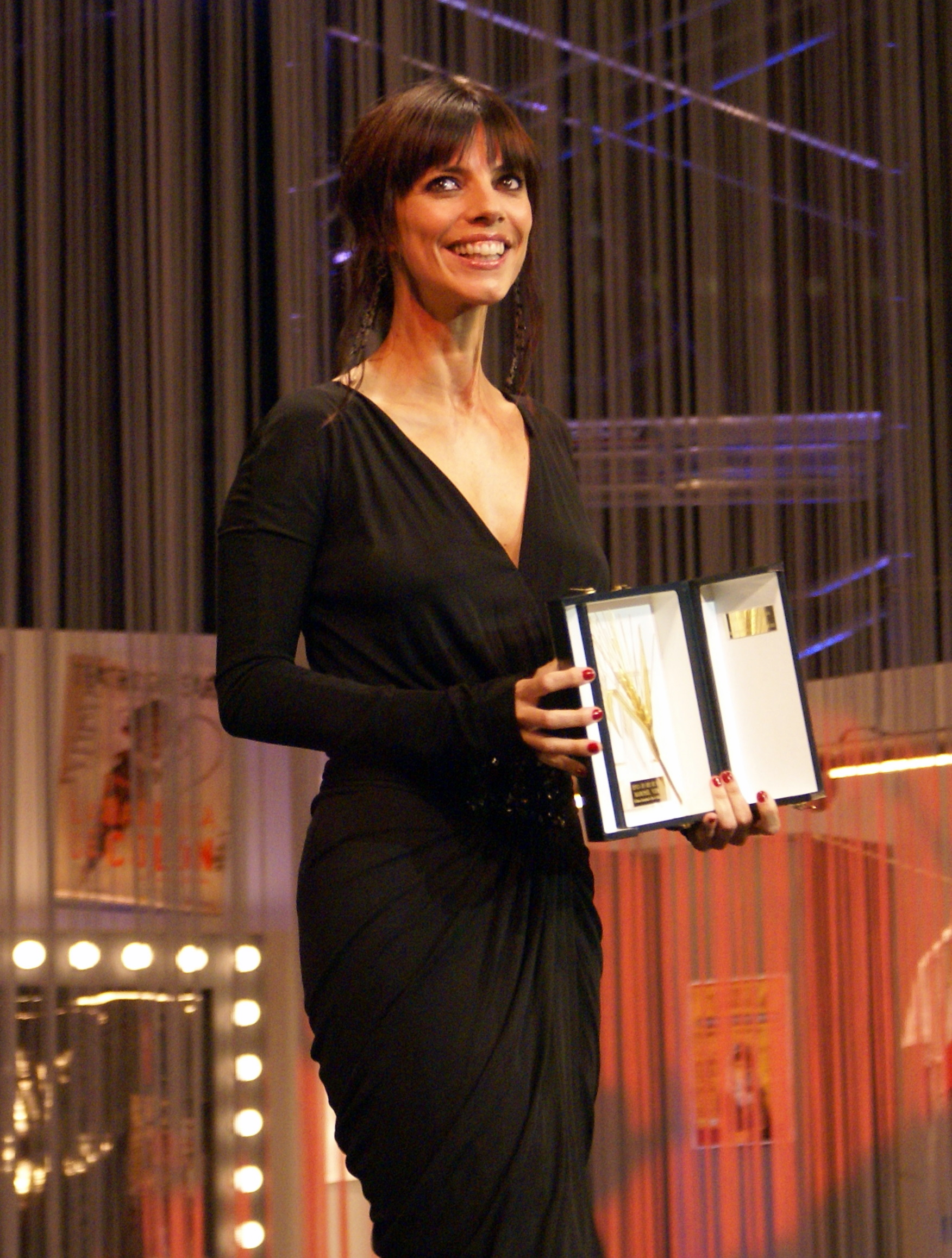 Maribel Verdú, Spanish actress, holding the Golden Spike of the 2011 Seminci.
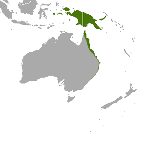 Common Blossom Bat (Syconycteris australis) range
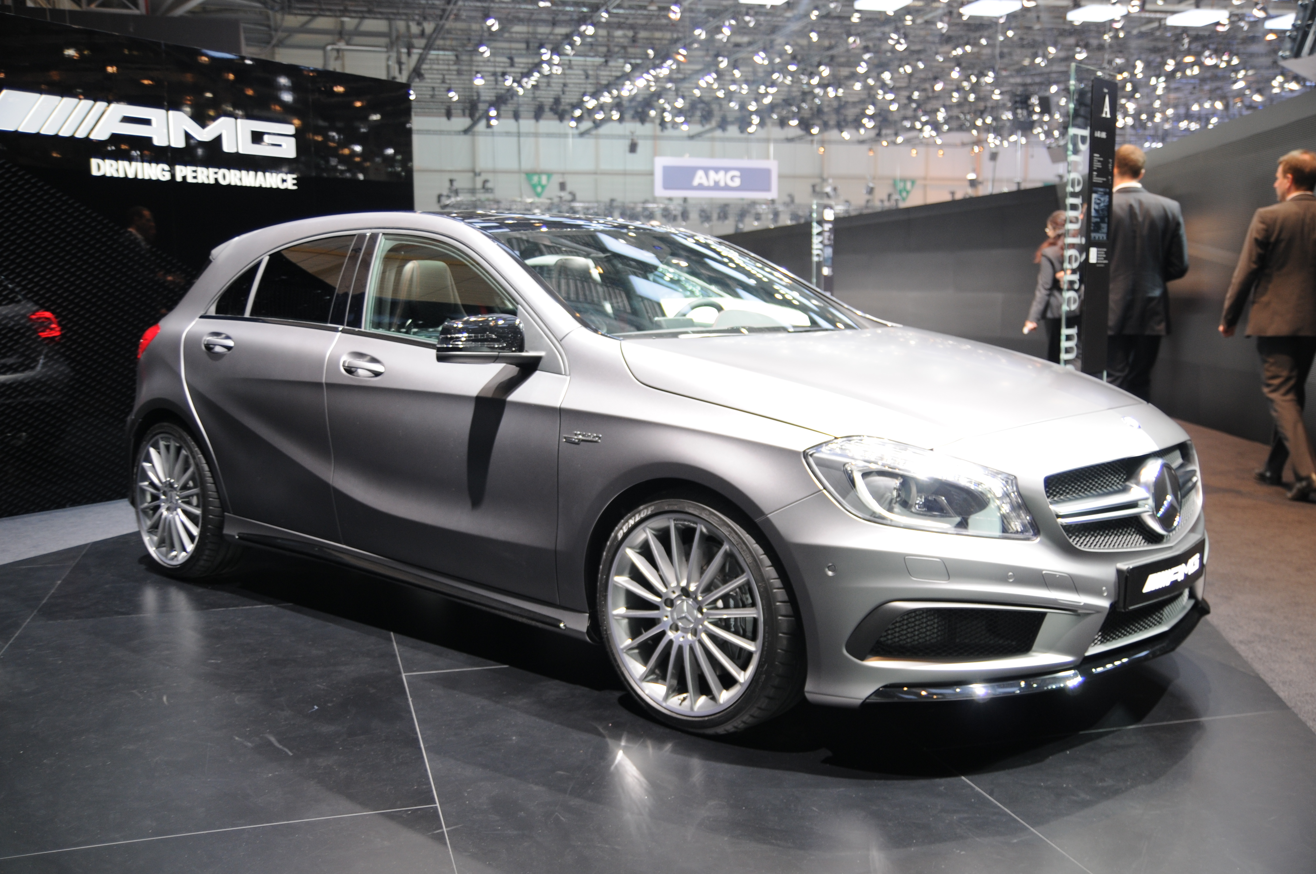 Geneva Motor Show 2013 (photos taken on the first press day)
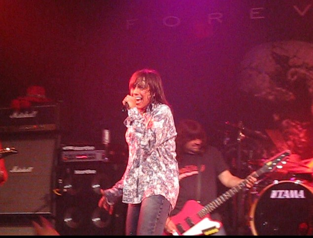 Jeff Keith at the Chance Theater in Poughkeepsie, NY. April 27, 2009.
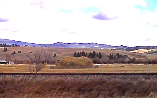 Haystack created with a beaverslide hay stacker, near Avon, Montana
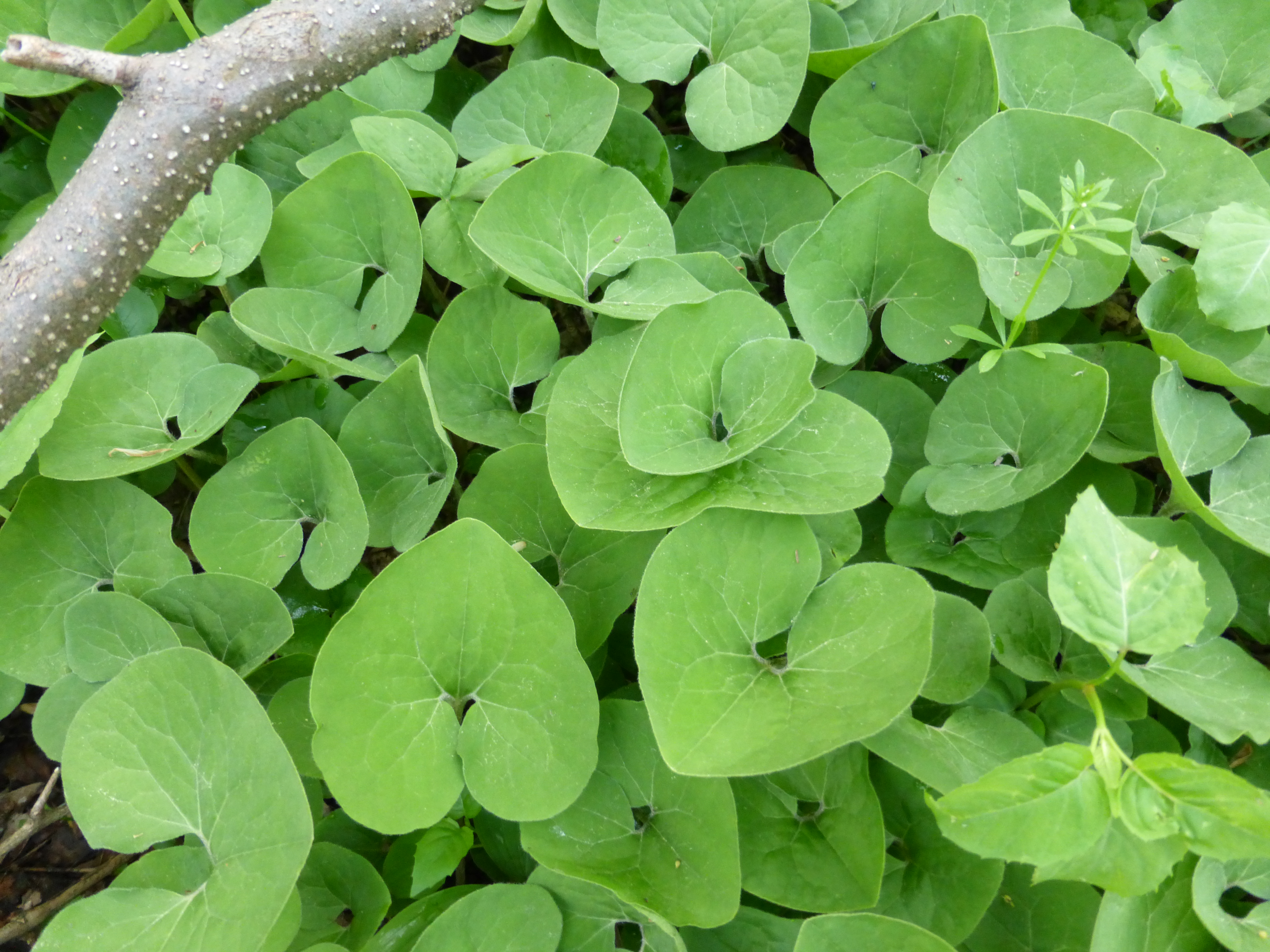 Asarum canadense foliage
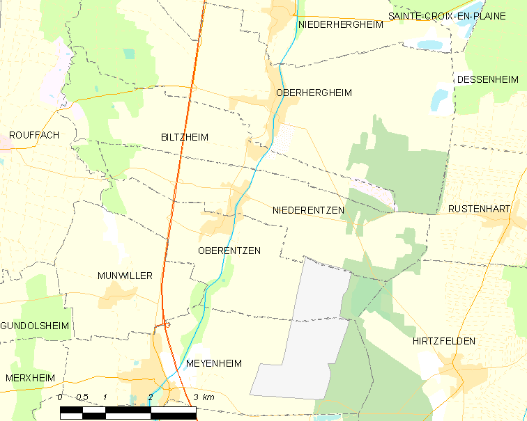 Map of French municipality
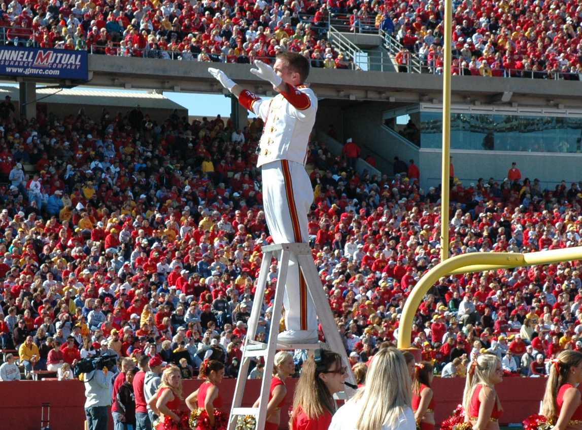 A better cropped and named version of a picture showing a CMB drum major conducting.
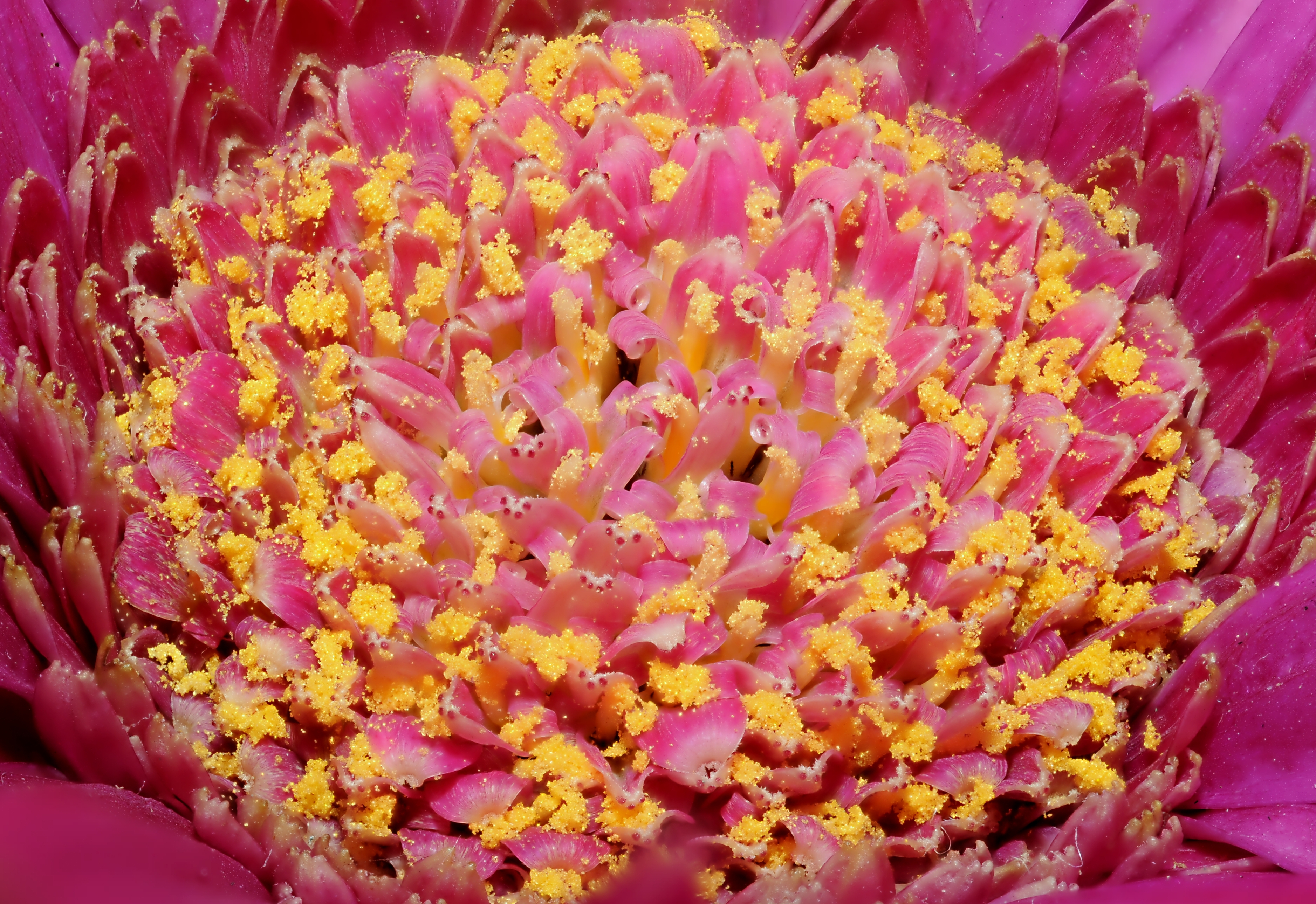 This photograph was taken with a Nikon D300 This image was created with CombineZP ( It was created out of 71 single images.). Fleur d'une plante de la famille des asteraceae (focus stacking). Image composée de 71 photos assemblées avec CombineZP.

──────────────────────────────

- WHAT YOU ARE ASKED TO DO -
Your output is the lines from the top of the entries through the line containing "Map of French municipality", exactly as they stand. No pictures belong in it.

- SOLUTION TO THE PROBLEM -
 Maribel Verdú, Spanish actress, holding the Golden Spike of the 2011 Seminci.
 Common Blossom Bat (Syconycteris australis) range
 Geneva Motor Show 2013 (photos taken on the first press day)
 Jeff Keith at the Chance Theater in Poughkeepsie, NY. April 27, 2009.
 Haystack created with a beaverslide hay stacker, near Avon, Montana
 Asarum canadense foliage
 Map of French municipality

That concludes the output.